Prosecutors had played a 911 recording of Maltais’ call, where she said she saw Bielec’s body on the driveway with a pool of blood by his head. Maltais was crying when she told the dispatcher, “Oh God, there is blood everywhere.”

Wozniak said there were Post-it notes at the scene that said, “You reap what you sow.”

Wozniak said there was an earlier incident where the Morgan brothers’ house, which is next to Bielec’s residence, had been shot at and the brothers believed Bielec was responsible.

Wozniak said the two men decided to confront Bielec at his residence. During the confrontation, she said the brothers – both over six feet in height – had ambushed the much shorter Bielec in his driveway.

“They beat him to death with a baseball bat,” Wozniak said.

Shenonda Tisdale, one of Blaique Morgan’s attorneys, contends there is no evidence to show that her client personally committed the murder or conspired with his brother to kill Bielec.

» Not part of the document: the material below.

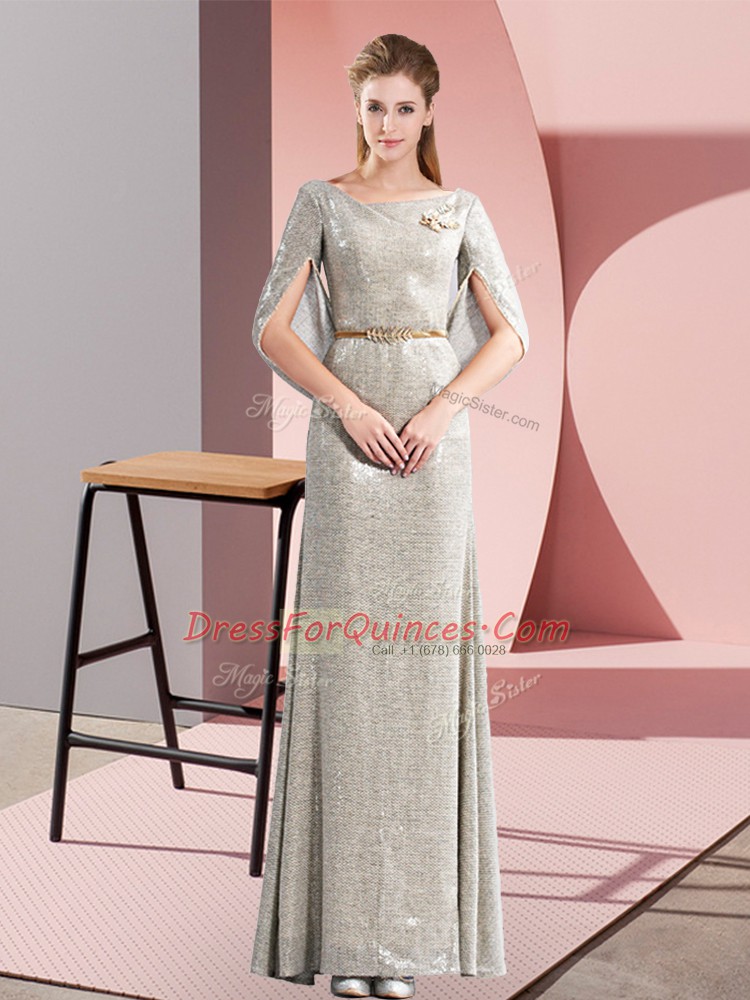 Half Sleeves Floor Length Belt Zipper Homecoming Dress with Grey

Tisdale said the case is based on a theory of accountability, which means the state is holding Blaique Morgan accountable for the actions of another. She said prosecutors will not be able to prove her client guilty under that theory or of murder beyond a reasonable doubt.

During a motion hearing earlier this year in Amari Morgan’s case, Will County Deputy Chief Dan Jungles said investigators learned from Blaique Morgan’s girlfriend that he told her Amari Morgan killed Bielec by striking him with a baseball bat several times.

Before Wednesday’s trial, Tisdale had motioned to keep a new statement from the girlfriend out of trial where she claimed Blaique Morgan confessed to killing Bielec himself.

Cornelius decided not to keep it out as he determined prosecutors had not made an unnecessarily late disclosure and that a judge or jury could weigh the credibility of that evidence.

During the brothers’ time in jail, they were allowed in 2017 to attend the funeral of their parents, Patrick Morgan, 49, and Angel Morgan, 42, who died in an apparent murder-suicide in their Joliet home that was investigated by the Joliet Police Department.